SQL: Definitions and Commands

     
     
     
     
     

What are a database and SQL?

Database

A collection of Information.

  • With this kind of basic information in one table, we could use a spreadsheet like Excel to keep track of our data.
  • But databases allow us not only to add more tables but also to set up rules and relationships between the tables.

image-20230503060238870

  • Fields and records make up a table, and one or more tables make up a database.
  • The layout and definition of how fields, tables, and relationships are set up are called the schema of the database.

SQL

SQL stands for Structured Query Language, which is a language for manipulating and defining data in databases.

  • SQL gives us a way of writing questions a database can understand.
  • SQL is generally white space independent, meaning that if you want to add some space or lines between clauses or expressions to make your statement easier to read, you can do so.

Statement

  • Statement: something you write in SQL to get an answer from a database or to make a change.

  • A statement is made up of clauses. Clauses are the basic components of statements, the smaller building blocks that make up the whole building.

image-20230503060302080

These clauses are constructed out of various elements, including keywords, which are special or reserved words that tell the database to take some action, field names, which let us refer to fields or columns of data whose values we want to use, table names, which tell the database which table to use, and predicates, which we use to specify what information or condition we’re looking for.

image-20230503060322900

  • Predicates include a value or condition called an expression.
  • A clause can be a statement if you’re writing a really basic one.
  • These keywords and operators are customarily written in uppercase, though usually, they don’t have to be.
  • At the end of a statement, we put a semi-colon.

SQL statements can also be used to add, modify, or delete data in a database or even to create, modify, and remove tables.

Ask for Data from a Database

1. SELECT

The SELECT keyword tells the database we want some information returned to us.

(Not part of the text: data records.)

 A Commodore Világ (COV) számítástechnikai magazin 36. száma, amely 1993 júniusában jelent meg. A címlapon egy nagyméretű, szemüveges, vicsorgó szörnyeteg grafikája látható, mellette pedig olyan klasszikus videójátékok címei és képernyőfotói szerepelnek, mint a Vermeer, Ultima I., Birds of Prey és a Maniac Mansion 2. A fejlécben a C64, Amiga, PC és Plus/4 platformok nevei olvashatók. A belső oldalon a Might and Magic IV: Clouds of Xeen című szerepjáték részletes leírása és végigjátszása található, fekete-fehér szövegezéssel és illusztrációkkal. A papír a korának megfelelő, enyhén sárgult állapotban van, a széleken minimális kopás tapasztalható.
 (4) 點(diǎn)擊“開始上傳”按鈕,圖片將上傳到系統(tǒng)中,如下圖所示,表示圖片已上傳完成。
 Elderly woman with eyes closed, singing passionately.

  • SELECT first_name FROM people;
  • If I wrap that field identifier in single quotes, ‘first_name’, we’d get back the text string instead.
  • We can change the order of the fields too.
  • Wild card operator: the star or asterisk. *

Aggregate Window Functions

1) COUNT ()

SELECT SUM(quiz_points) / COUNT(*)
FROM people
GROUP BY team;

Remember, these math operations that we can do, in this case division, are integer operations if they’re being performed on integer values.

- So, instead of making an average ourselves, we can use another aggregate function, AVG, which gives us the average to higher precision.

2) AVG()

SELECT team, COUNT(*), SUM(quiz_points), AVG(quiz_points)
FROM people
GROUP BY team;

3) SUM()

SELECT SUM(quiz_points)
FROM people;

4) MAX(), MIN()

SELECT MAX(quiz_points), MIN(quiz_points)
FROM people;

String Functions

1) LOWER(), UPPER()

SELECT LOWER(first_name), UPPER(last_name)
FROM people;

2) SUBSTR( , , )

In most SQL implementations, substring is the name of the function. But here in SQLite, it’s SUBSTR, which is a substring of the word substring.

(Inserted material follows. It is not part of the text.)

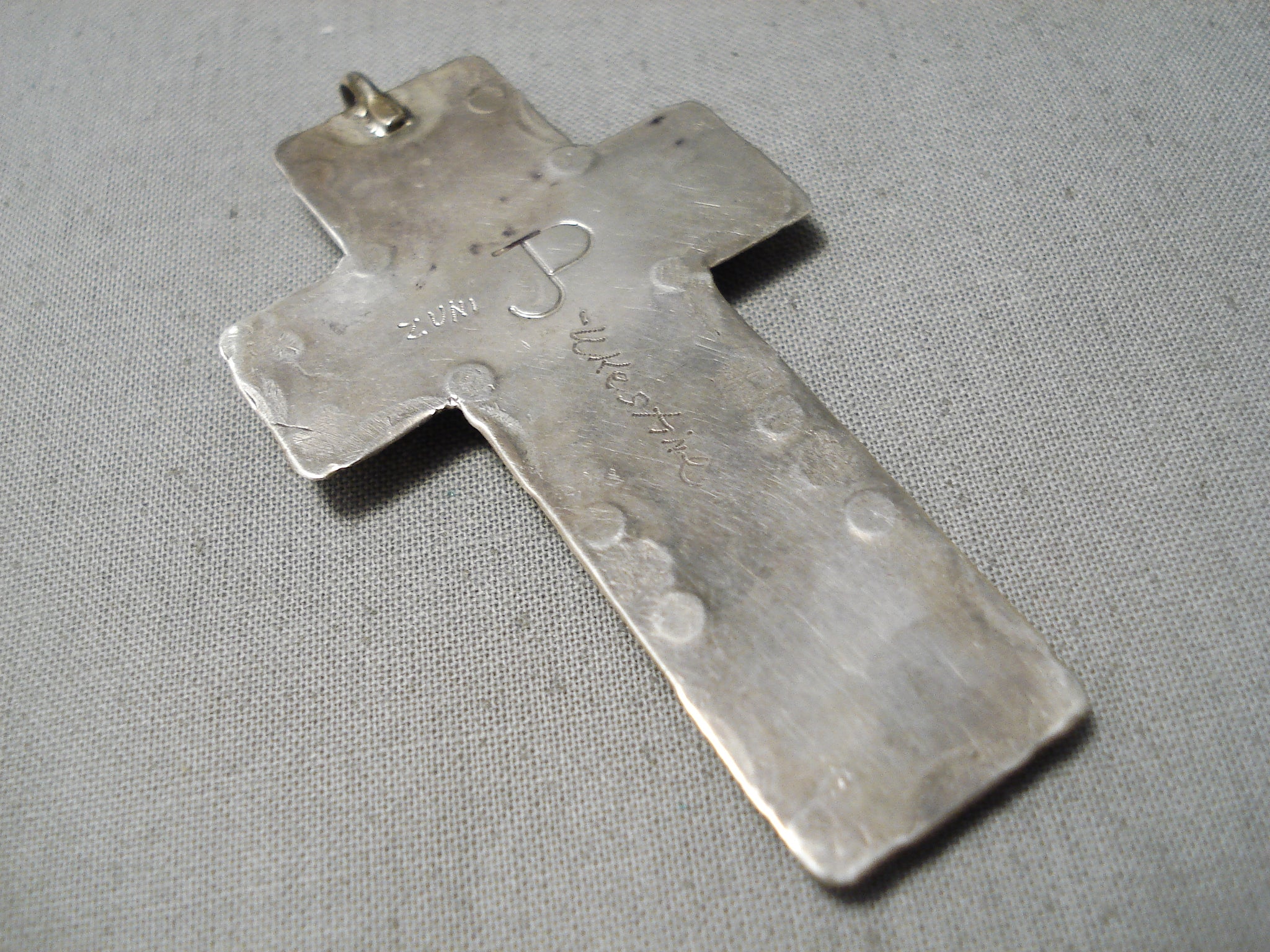 This is a fascinating vintage Zuni silver pendant. Don't you just love the arrangement of these 18 turquoise rounds as they're surrounded with silver rope and beads, before coming to life against the ornately handstamped silver cross backdrop?! It has a 1/8" bail opening. Sterling silver. Signed by Zuni artist, J. Ukestine. The pendant measures around 2-3/4" x 1-1/2". Sturdy 10 grams.
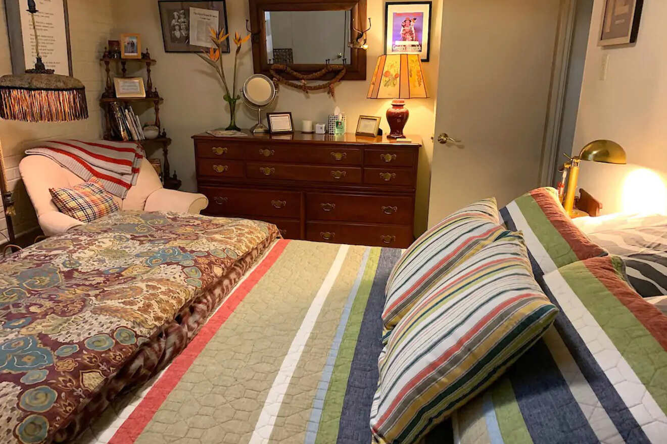 Los acabados coloridos y los muebles vintage te hacen sentir cálido y acogedor al entrar en la casa. La acogedora atmósfera que transmite la casa puede hacer que sea difícil irse. Pero estar a poca distancia del café Cocoa Cinnamon , el mercado local de agricultores y el Motorco Music Hall hace que valga la pena salir a explorarla.

A number representing at which character in the longer string to start counting and the length after which to stop in characters. I want to start with the first character and then proceed with five characters after that to get the first five characters of the last_name field.

SELECT first_name, SUBSTR(last_name, 1, 5)
FROM people;

3) REPLACE

SELECT REPLACE (first_name, "a", "-")
FROM people;

image-20230503155843960

  • This replacement is case-sensitive, so keep an eye out for that.
  • REPLACE(string, old_string, new_string)
  • In fact, if I scroll down here to row 53, Anne still has a capital A because capital A is a different character than lowercase a.

4) CONCAT / +

  • The CONCAT() function adds two or more strings together.
  • The + operator allows you to add two or more strings together.
  • The CONCAT_WS() function adds two or more strings together with a separator.
SELECT CONCAT('SQL', ' is', ' fun!');
SELECT CONCAT('SQL', ' ', 'is', ' ', 'fun!');
SELECT 'SQL' + ' is' + ' fun!';

SELECT CONCAT_WS('-', 'SQL', ' is', ' fun!'); 
/* SQL- is- fun! */

5) LEFT / RIGHT

  • The LEFT() function extracts a number of characters from a string (starting from left).
  • Extract 5 characters from the text in the “CustomerName” column (starting from left):
SELECT LEFT(CustomerName, 5) AS ExtractString
FROM Customers;

6) LEN()

  • Return the length of a string:
SELECT LEN(' W3Schools.com ');

7) DISTINCT

Let’s take a look at pulling out only the unique values or the values that are distinct from one another with the DISTINCT function.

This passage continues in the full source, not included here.